The U.S-based Christian persecution watchdog, International Christian Concern, said that the site put up a notice on its Home page which reads, “Due to reasons known to everyone, from now on our site can no longer serve brothers and sisters in Christ. Thanks to all for your company and support in the past 21 years.

“The disappearance of a website is merely a disappearance of a website, it does not carry any meaning. Except that the website link can no longer be opened, there is nothing else which stopped at that moment; Need not to be concerned, and just keep walking.”

Bitter Winter, a publication produced by the Center for Studies on New Religion which covers human rights issues in China, reported earlier that the Chinese Communist Party made a new legislation, known as Administrative Measures for Internet Religious Information Services, which was enacted on March 1, 2022.

The law mandates an “Internet Religious Information Service License” for any religious group that wants to disseminate religious content on the internet. However, it stipulated that only legally established organizations have the right to do so. This means that only groups that are part of the five authorized religions in China can use the internet to distribute religious content.
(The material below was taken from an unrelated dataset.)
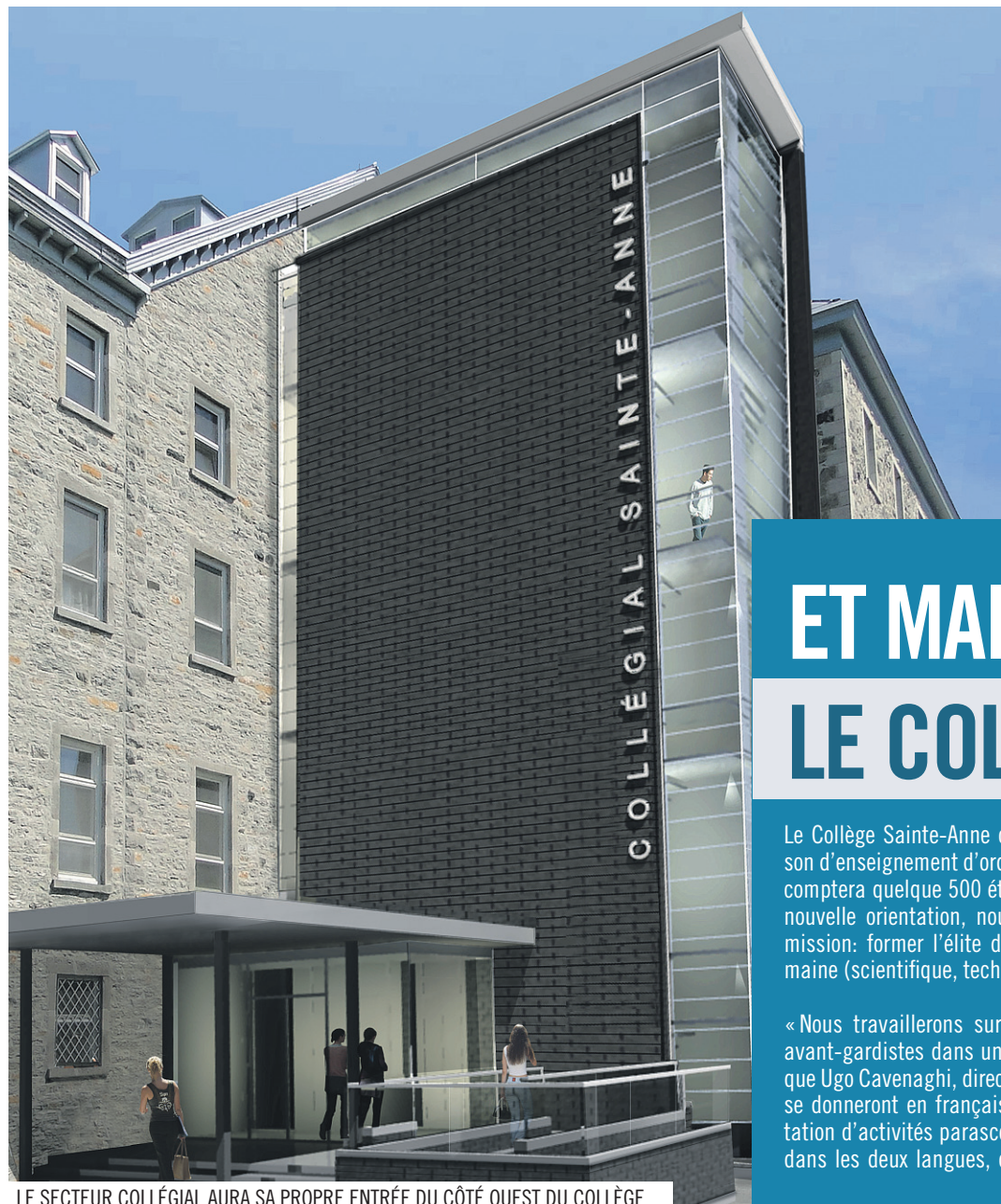
LE SECTEUR COLLÉGIAL AURA SA PROPRE ENTRÉE DU CÔTÉ OUEST DU COLLÈGE

En 2011, Sainte-Anne tiendra un congrès international avec ses écoles partenaires pour souligner son 150 e anniversaire et démontrer son orientation internationale.

The five state-sanctioned religious groups in China are the Buddhist Association of China, the Protestant Three-Self Patriotic Movement, the Chinese Taoist Association, the Islamic Association of China, and the Chinese Patriotic Catholic Association.

According to Open Doors USA, a group that covers persecution in over 60 countries, estimated that China has more than 97 million Christians. Many of these Christians worship in unregistered or so-called “illegal” underground churches.